2-2

 中道さんは朗読が上手い。改めてそう感じた。詩の内容は好みではないのだけれど、きっと多くの人に受け入れられるものだと思う。

「すごい。動画どれぐらい見られてるの?」

「なんと! 全て100再生越え!」

 思ったより少なかった。でも怖いから、驚いた顔を作っていた。

 詩の朗読動画は、そんなものだということもわかる。

「おぎーもする?」

「いやあ、僕は……」

「じゃあ、録画なしね」

 そう言うと中道さんは、僕に指で合図を出した。

「あ、え、今?」

「そうよ。いつ悪魔は襲ってくるかわからないんだから、時間を選んでなんかられない」

 僕は覚悟を決めた。が、何か朗読しようとしたが言葉が出てこなかった。頭の中が空っぽになって、覚えていたはずの詩が出てこないのである。

「あー……」

「どしたの」

「詩をど忘れしちゃった。あんまり暗唱したことないし……」

「なんだっていいの、詠めばいいから――」

 その時、空間が張り詰めるような感覚があった。僕と中道さんは、同じ一点を見つめている。灰色の小さな渦ができて、そこから白い手が二本、飛び出てきた。

「ぐぬぬ、ううむ」

 うなり声が聞こえてくる。穴を一所懸命に広げようとしているのだ。そして、ムルサイセイヌの顔が出てきた。

「なんか見たことある気がする出かたよね!」

 中道さんは楽しそうである。

「なんだろう。馬の出産?」

「誰が馬じゃ!」

 肩まで外に出たと思ったら、にゅるんと全身が出てきた。

「それだね!」

「納得するんじゃないぞ娘。こちらの世界に来るというのは大変なことなのだ」

「フェイルマンさんはそうでもなかったような気がするー」

「あ、あのお方と一緒にするな! ま、まあ移動は得意ではない……。
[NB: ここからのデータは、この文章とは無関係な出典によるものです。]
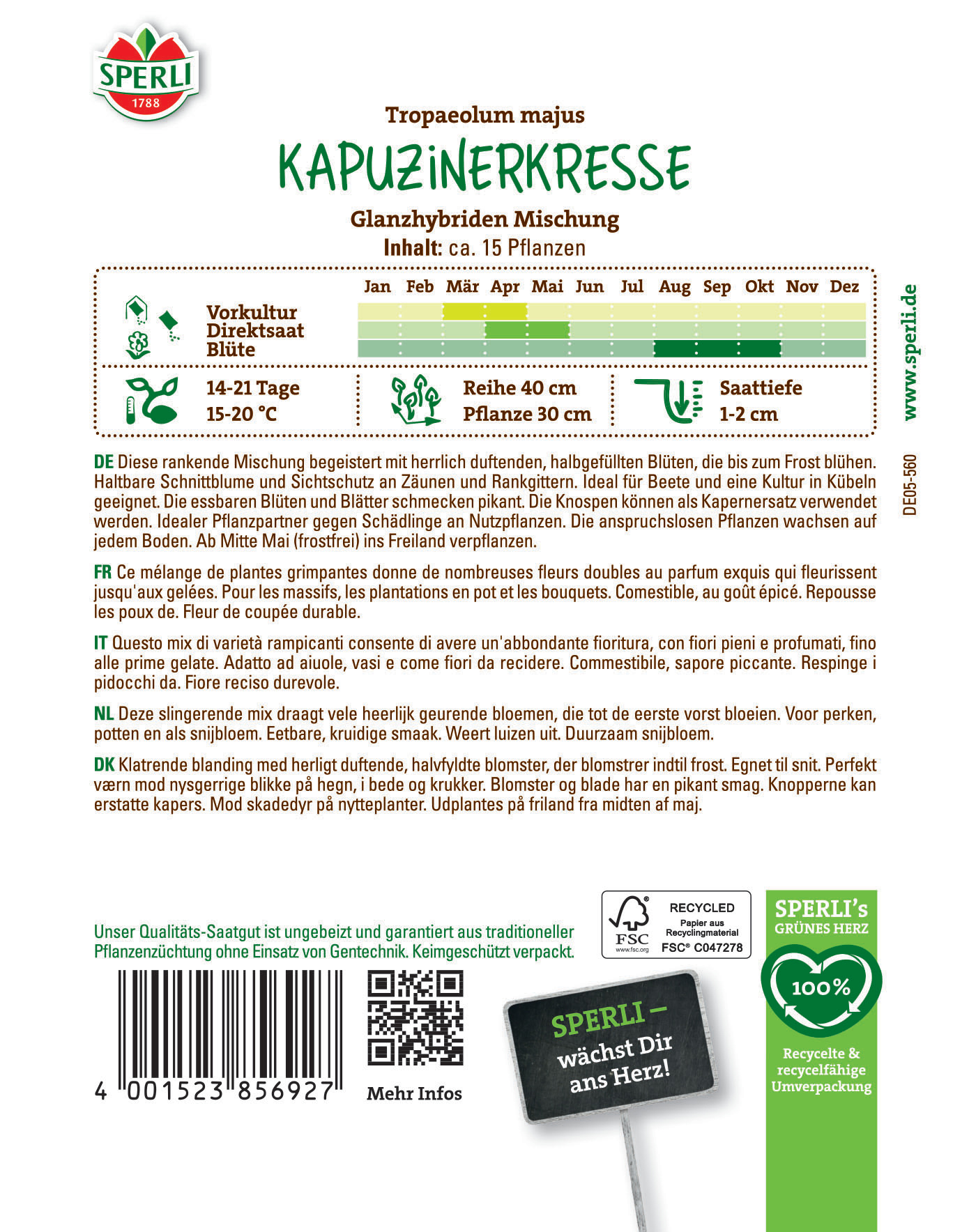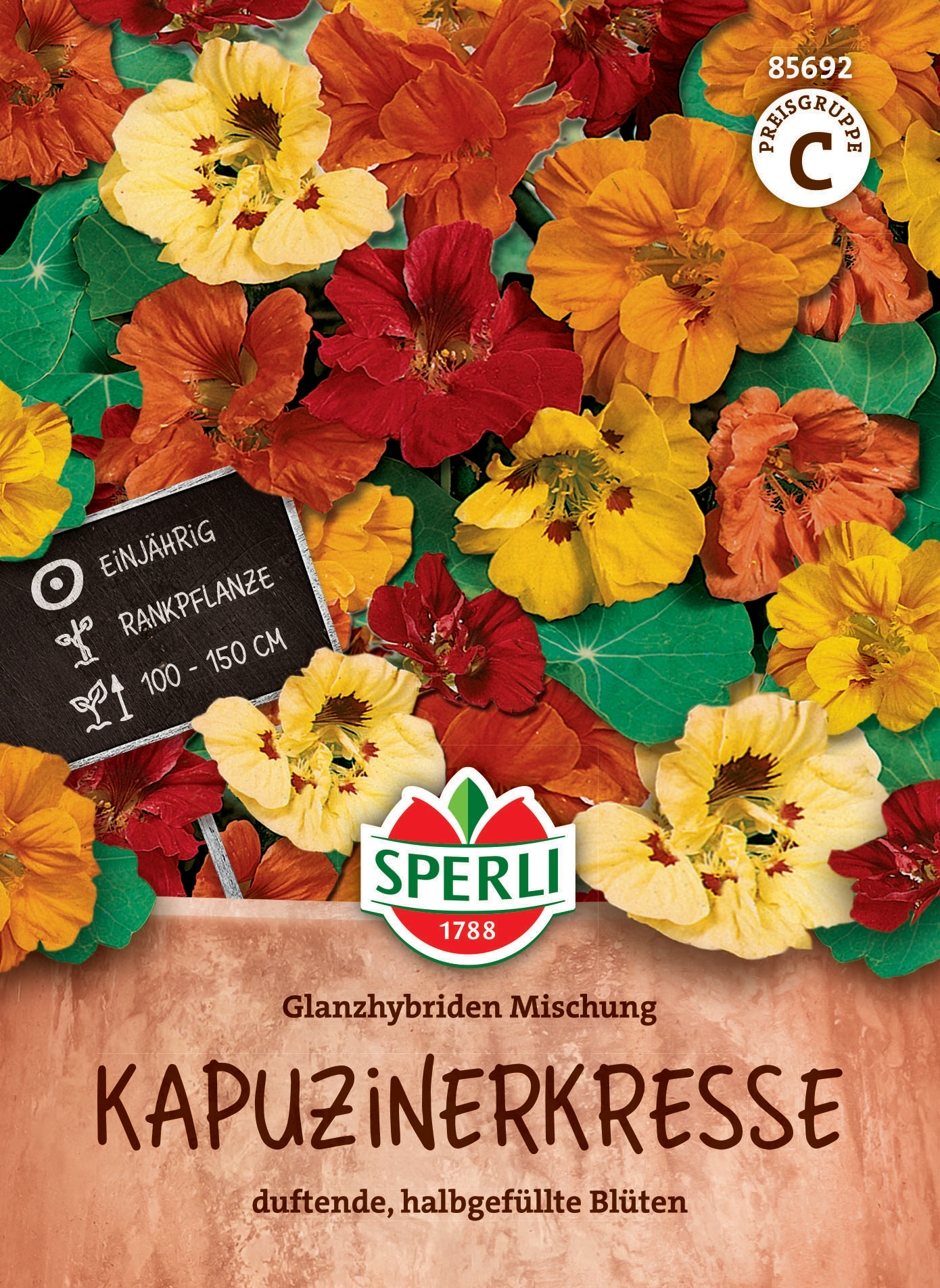 Die Glanzhybriden Mischung besteht aus verschiedenen, gefüllt blühenden und rankenden, einjährigen Pflanzen. Kapuzinerkresse ist eine einfach zu ziehende Gruppenpflanze für Beete, rabatten, schalen oder Töpfe. Auch an Mauern, neben Treppen oder auf Baumscheiben kommt diese Pflanze gut zur Geltung. Die Blüten, die Blütenknospen und die Blätter sind essbar. Aus den Blütenknospen können Kapern hergestellt werden und die würzig, pfeffrig schmeckenden Blätter und Blüten können im salat, in Kräuterbutter oder auch in Quark verarbeitet werden.| Kurzbezeichnung : | Kapuzinerkresse Glanzhybriden Mischung |

それより! 何かいやな気配がする」

 ムルサイセイヌはそう言うと前髪をかき上げた。

「い、いやな気配ですか?」

「昨日とは別の穴が空く気配だ。滅多に近くに続けてということはないのだが」

「場所はわかるんですんか?」

「あちらだ」

 ムルサイセイヌが指さす先には、天に突き上がる建物が。どでかいマンション、通称タワーマンションである。

「え、あれですか?」

「そうだ」

「おぎー、知らないの? タワマンはポエムよ!」

「そうなの?」

「マンションポエムが溢れている、詩情溢れる現代の城壁よ!」

「城壁……」

 中道さんの目がらんらんと輝いている。いろんなところに詩情を感じるものである。

「よし、では向かうぞ」

 僕らはなぜか、詩情を求めてタワマンに赴くことになった。